Storage device 81 is used as a kind of computer readable storage medium, and it is executable to can be used for storing software program, computer
Program and module, as the corresponding program of data supply method or model training method provided in the embodiment of the present invention refers to
Order/module.Software program, instruction and the module that processor 80 is stored in storage device 81 by operation, thereby executing setting
Standby various function application and data processing, that is, realize above-mentioned data supply method or model training method.
Storage device 81 can mainly include storing program area and storage data area, wherein storing program area can store operation
Application program needed for system, at least one function;Storage data area, which can be stored, uses created data etc. according to terminal.
It can also include nonvolatile memory in addition, storage device 81 may include high-speed random access memory, for example, at least one
A disk memory, flush memory device or other non-volatile solid state memory parts.In some instances, storage device 81 can
It further comprise the memory remotely located relative to processor 80, these remote memories can be by network connection to setting
It is standby.The example of above-mentioned network includes but is not limited to internet, intranet, local area network, mobile radio communication and combinations thereof.
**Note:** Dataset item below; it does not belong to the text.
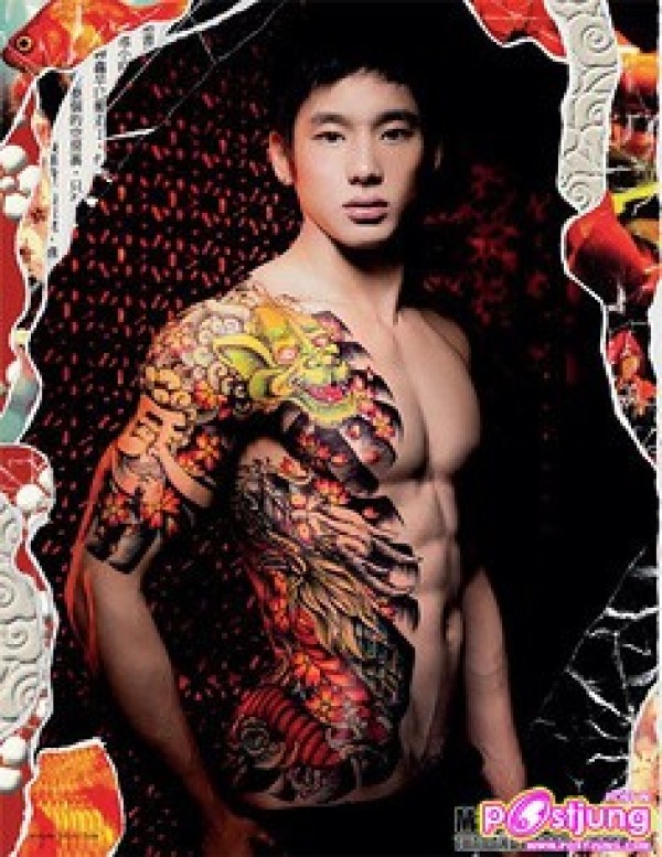 肌肉男右胸威猛巨龙刺青_龙纹身图案大全_纹身图吧

Communication device 82 can be used for realizing the network connection or mobile data cube computation of equipment room.
A kind of equipment provided in this embodiment can be used for executing the data supply method that above-mentioned any embodiment provides or
Model training method has corresponding function and beneficial effect.
Embodiment nine
The embodiment of the present invention nine additionally provides a kind of computer readable storage medium, is stored thereon with computer program, should
Program can realize the data supply method in above-mentioned any embodiment when being executed by processor.This method can specifically include:
The train request for being directed to Video Model is obtained, which includes preset batch processing mechanism and this instruction
Practice corresponding Data Identification;
Matched target video data, the distributed storage data are obtained in distributed storage data set according to Data Identification
Collection includes all types of video data;
Target video data is handled according to batch processing mechanism, obtains the corresponding training data of Video Model.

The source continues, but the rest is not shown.